Many people who are not dispirited by such findings are uninterested. Exhausted by four years of the Trump presidency and a lingering pandemic, some Americans appear to have responded to the risks to our democracy by simply tuning out the news and hoping that things will just work out politically by 2024.
We must not succumb to despair or indifference. It won’t be easy, but there is a path forward if we begin acting now, together, to shore up our fragile election ecosystem.
Let’s begin by reviewing some of the key problems. Those who administer elections have faced threats of violence and harassment. One in four election administrators say that they plan to retire before 2024. Republican election and elected officials who stood up to Mr. Trump’s attempt to rig the 2020 vote count, like Georgia’s Secretary of State, Brad Raffensperger, who refused Mr. Trump’s entreaties to “find” 11,780 votes to flip the election to him, are being pushed out or challenged for their jobs in primaries by people embracing Mr. Trump’s false claims, like Representative Jody Hice.
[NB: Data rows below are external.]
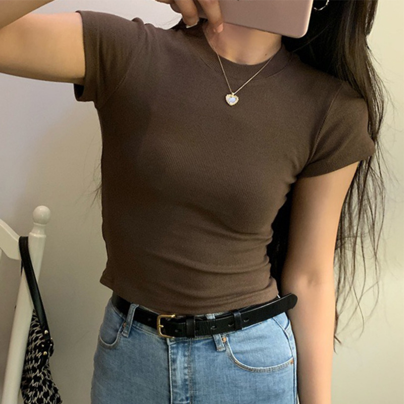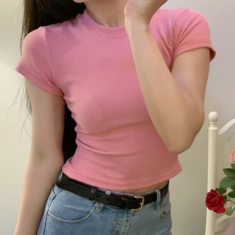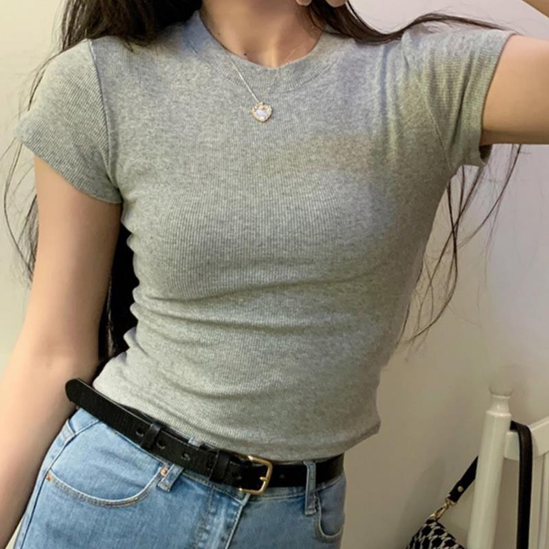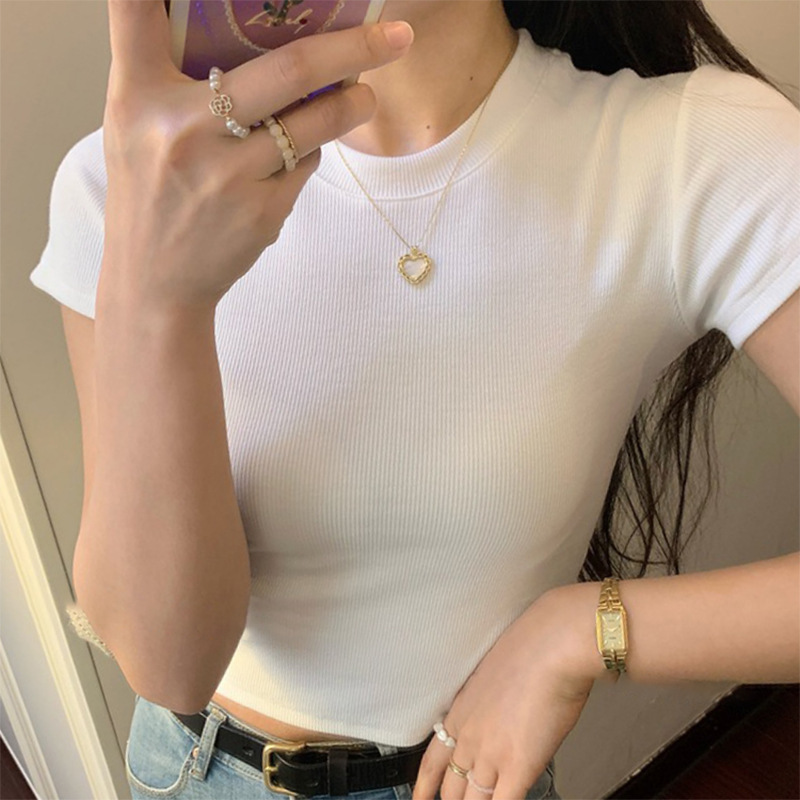 아메리칸 스타일 어깨 스레드 재단 반팔 티셔츠 여성 여름 새로운 쇄골 노출 섹시한 핫 걸스 인스 타 그램 쇼트 탑스토어 가기
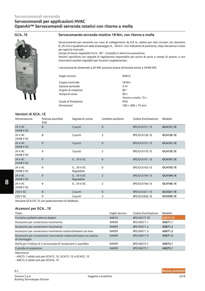 - ASK73.1 valido solo per GCA12..1E, GCA13..1E e GCA32..1E
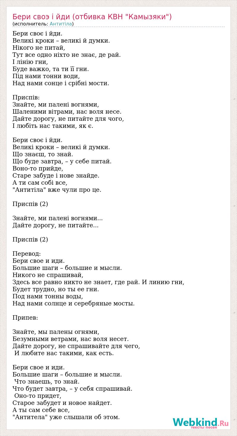 Бери своє і йди. Великі кроки – великі й думки. Нікого не питай, Тут все одно ніхто не знає, де рай. І лінію гни, Буде важко, та ти її гни. Під нами тонни води, Над нами сонце і срібні мости. Приспів: Знайте, ми палені вогнями, Шаленими вітрами, нас воля несе. Дайте дорогу, не питайте для чого, І любіть нас такими, як є. Бери своє і йди. Великі кроки – великі й думки. Що знаєш, то знай. Що буде завтра, – у себе питай. Воно-то прийде, Старе забуде і нове знайде. А ти сам собі все, "Антитіла" вже чули про це. Приспів (2) Знайте, ми палені вогнями... Дайте дорогу, не питайте... Приспів (2) Перевод: Бери свое и иди. Большие шаги – большие и мысли. Никого не спрашивай, Здесь все равно никто не знает, где рай. И линию гни, Будет трудно, но ты ее гни. Под нами тонны воды, Над нами солнце и серебряные мосты. Припев: Знайте, мы палены огнями, Безумными ветрами, нас воля несет. Дайте дорогу, не спрашивайте для чего, И любите нас такими, как есть. Бери свое и иди. Большие шаги – большие и мысли. Что знаешь, то знай. Что будет завтра, – у себя спрашивай. Оно-то придет, Старое забудет и новое найдет. А ты сам себе все, "Антитела" уже слышали об этом.
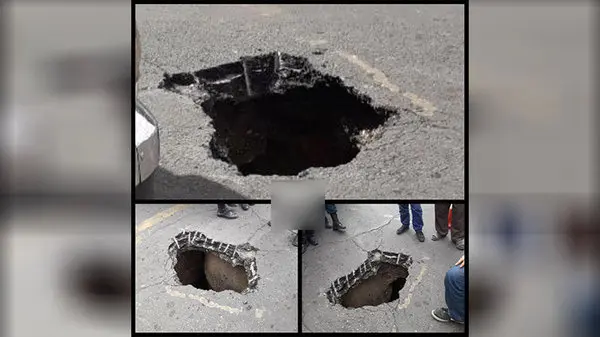 وحشت در وسط میدان مقدم فلاح تهران / زمین دهان باز کرد!+عکس
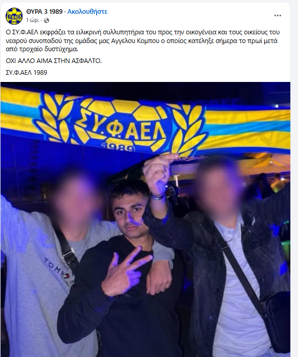 Παράλληλα, σε προσωπικές αναρτήσεις, φίλοι του μιλούν για ένα παιδί γεμάτο καλοσύνη και χαμόγελο, που έφυγε τόσο άδικα. «Άγγελέ μου, ας σε προσέχει ο Θεός… έφυγες νωρίς λεβέντη», γράφουν συγκλονισμένοι.
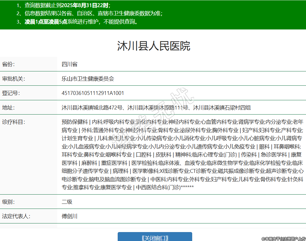 省份:四川省審批機關:樂山市衛(wèi)生健康委員會登記號:45170361051112911A1001地址:沐川縣沐溪鎮(zhèn)城北路472號、沐川縣沐溪鎮(zhèn)沐源路111號、沐川縣沐溪鎮(zhèn)石梁村四組診療科目:預防保健科 | 內(nèi)科;呼吸內(nèi)科專業(yè);消化內(nèi)科專業(yè);神經(jīng)內(nèi)科專業(yè);心血管內(nèi)科專業(yè);腎病學專業(yè);內(nèi)分泌專業(yè);老年病專業(yè) | 外科;普通外科專業(yè);神經(jīng)外科專業(yè);骨科專業(yè);泌尿外科專業(yè);胸外科專業(yè) | 婦產(chǎn)科;婦科專業(yè);產(chǎn)科專業(yè);計劃生育專業(yè) | 兒科;新生兒專業(yè);小兒傳染病專業(yè);小兒消化專業(yè);小兒呼吸專業(yè);小兒心臟病專業(yè);小兒腎病專業(yè);小兒血液病專業(yè);小兒神經(jīng)病學專業(yè);小兒內(nèi)分泌專業(yè);小兒遺傳病專業(yè);小兒免疫專業(yè) | 眼科 | 耳鼻咽喉科;耳科專業(yè);鼻科專業(yè);咽喉科專業(yè) | 口腔科 | 皮膚科 | 精神科;臨床心理專業(yè)(門診) | 傳染科 | 急診醫(yī)學科 | 康復醫(yī)學科 | 麻醉科 | 重癥醫(yī)學科 | 醫(yī)學檢驗科;臨床體液、血液專業(yè);臨床微生物學專業(yè);臨床化學檢驗專業(yè);臨床細胞分子遺傳學專業(yè) | 病理科 | 醫(yī)學影像科;X線診斷專業(yè);CT診斷專業(yè);磁共振成像診斷專業(yè);超聲診斷專業(yè);心電診斷專業(yè);腦電及腦血流圖診斷專業(yè) | 中醫(yī)科;內(nèi)科專業(yè);外科專業(yè);婦產(chǎn)科專業(yè);兒科專業(yè);骨傷科專業(yè);針灸科專業(yè);推拿科專業(yè);康復醫(yī)學專業(yè) | 中西醫(yī)結合科(門診)******級別:二級法定代表人:傅劍川主要負責人:傅劍川執(zhí)業(yè)許可證有效期:2023/08/10 -至- 2026/12/19 -
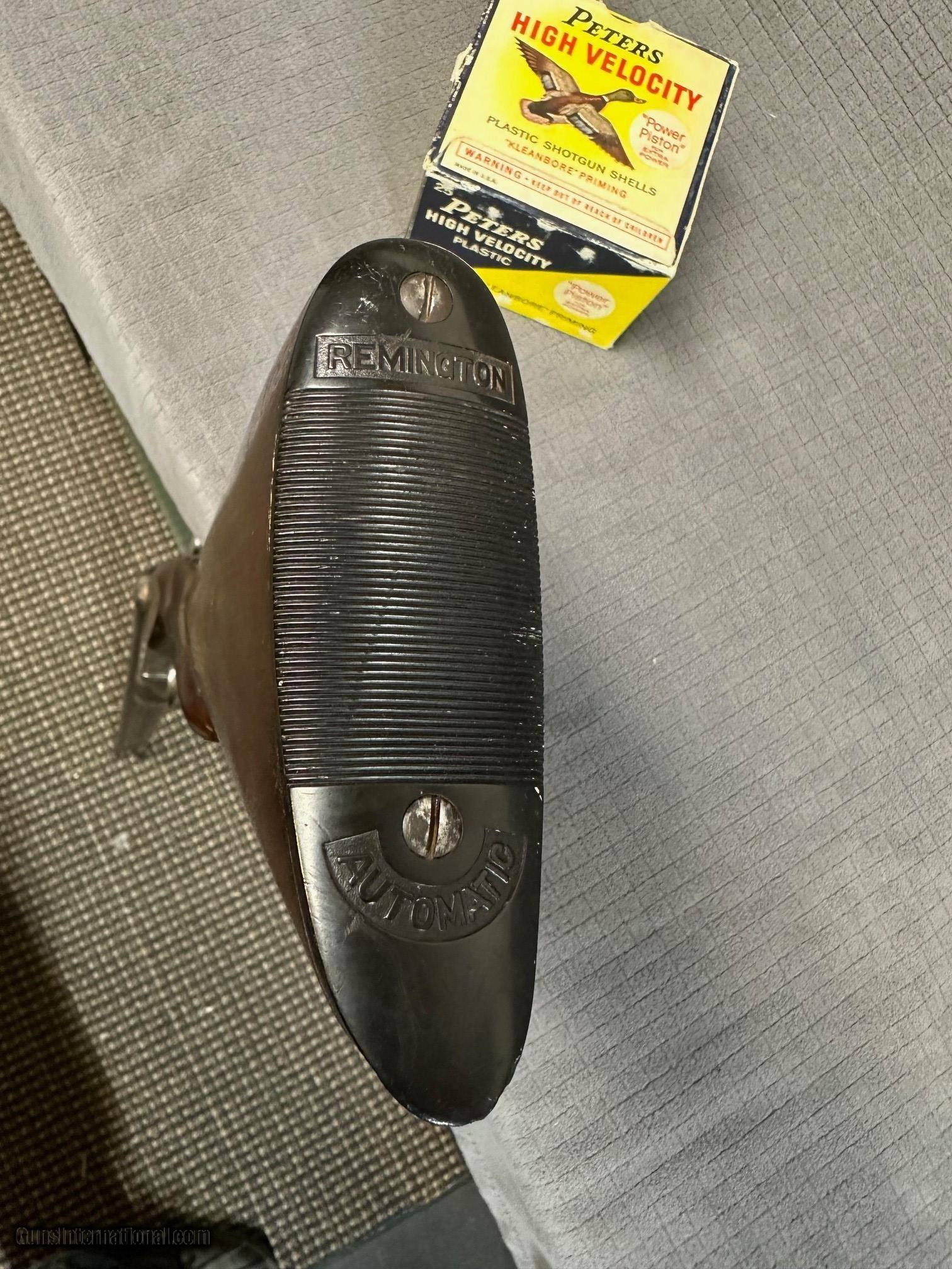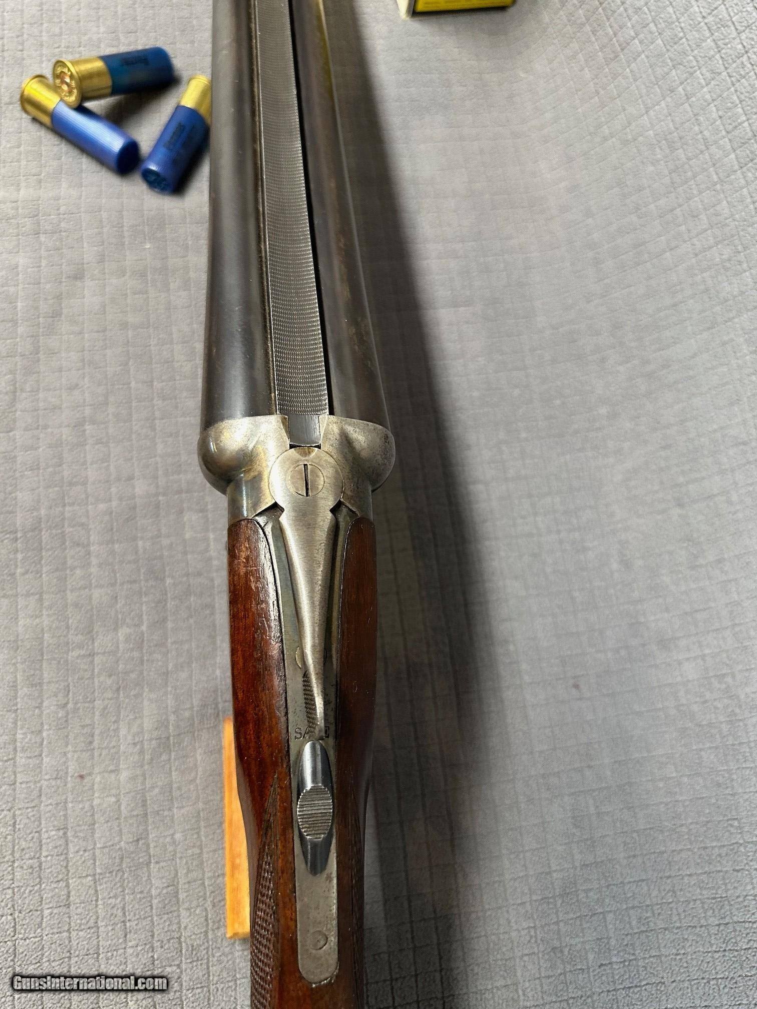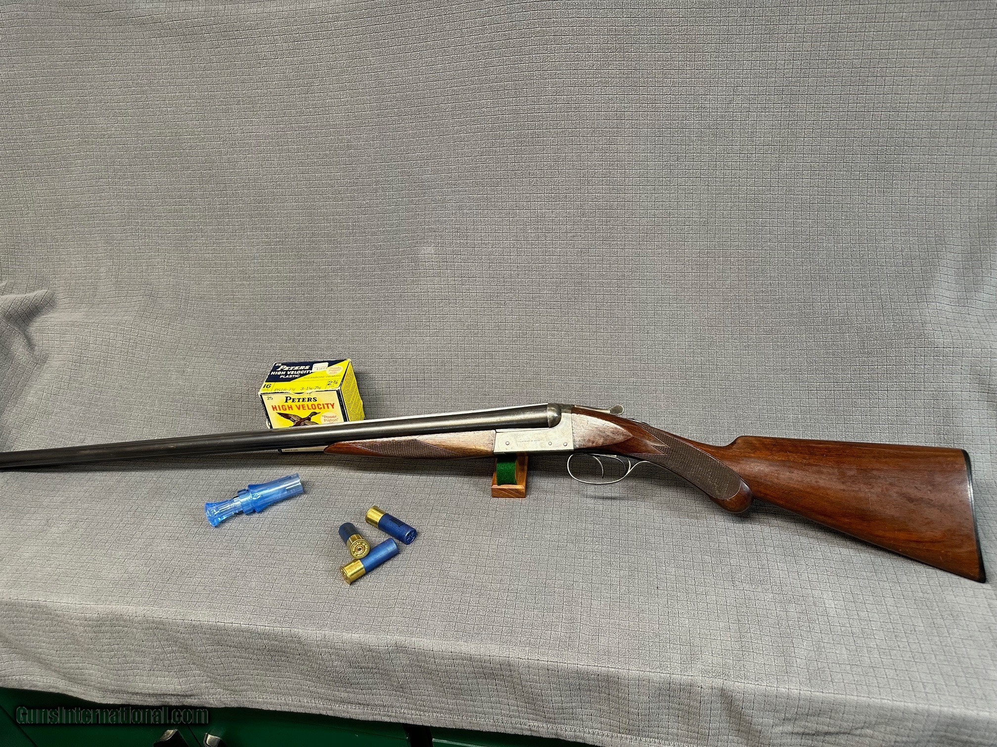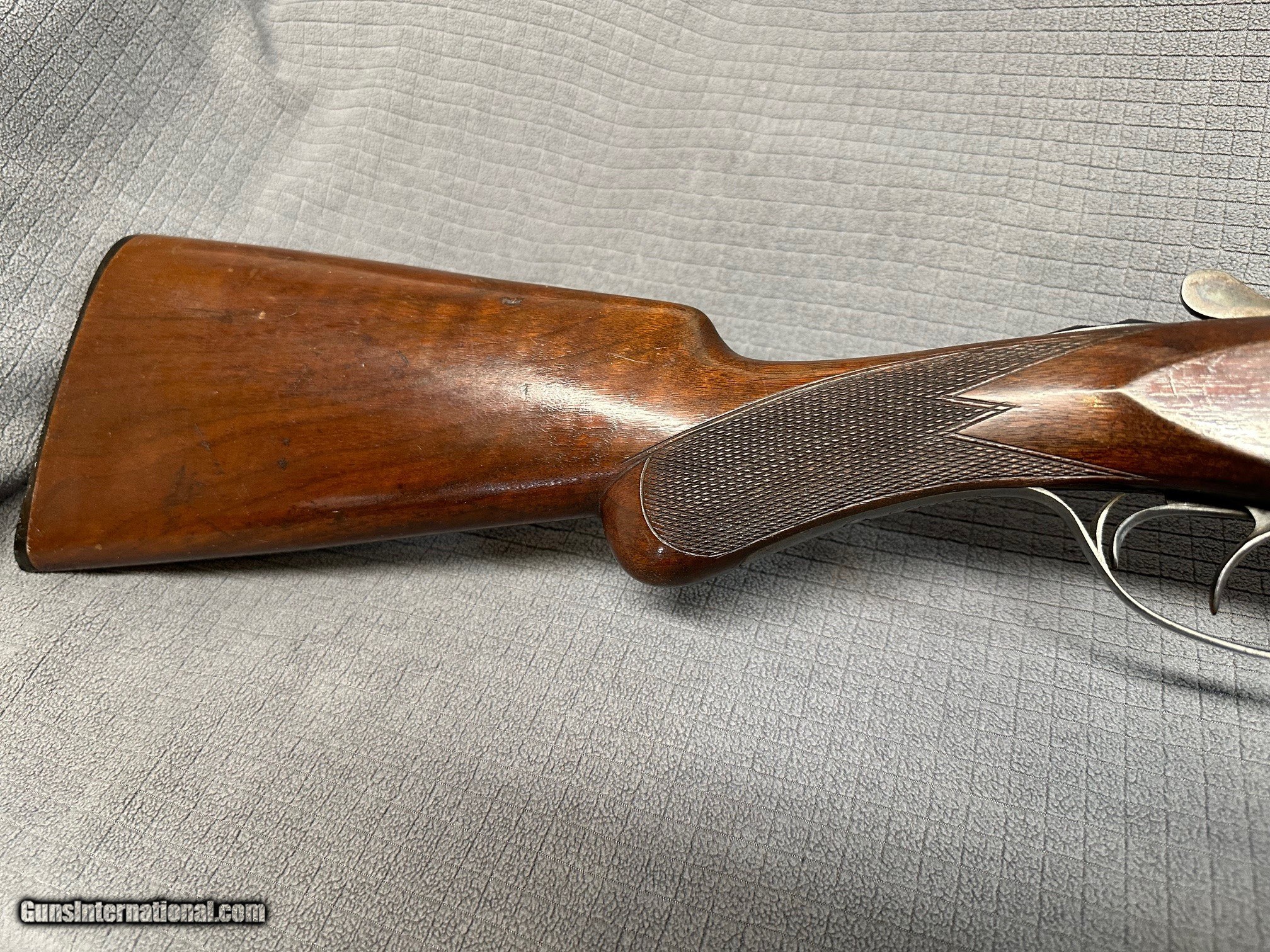 Description: NICE , Solid 16 ga. Remington SXS 1900 K Grade. circa 1905-10. All #'s are matching. Has DT/Extractors. 28" IC/M. Remington Steel barrels. Bores are absolutely mirror bright with zero imperfections. Chambers opened to 2 3/4". This guns action is rock solid. Blueing on right barrel has some very light erosion on the side on rearward half and rest of barrels quite good. Strong case colors still present. Wood appears to have had some refinishing at some time although checkering appears original and is very good.. LOP is 14" over replaced Remington Auto plate. Drop at comb is 2". Drop at heel is 3". All in All a very nice example of a classic early American double gun. $75.00 Shipping & insurance to your FFL(lower 48). No CA Sales. Thanks for looking. SOLD |

The new Republicans running elections or certifying or counting votes may have more allegiance to Mr. Trump or his successor in 2024 than to a fair vote count, creating conditions for Democrats to join Republicans in believing the election system is rigged. If Mr. Hice is Georgia’s Secretary of State in 2024 and declares Mr. Trump the winner of the 2024 election after having embraced the lie that Mr. Trump won Georgia in 2020, which Democrats will accept that result?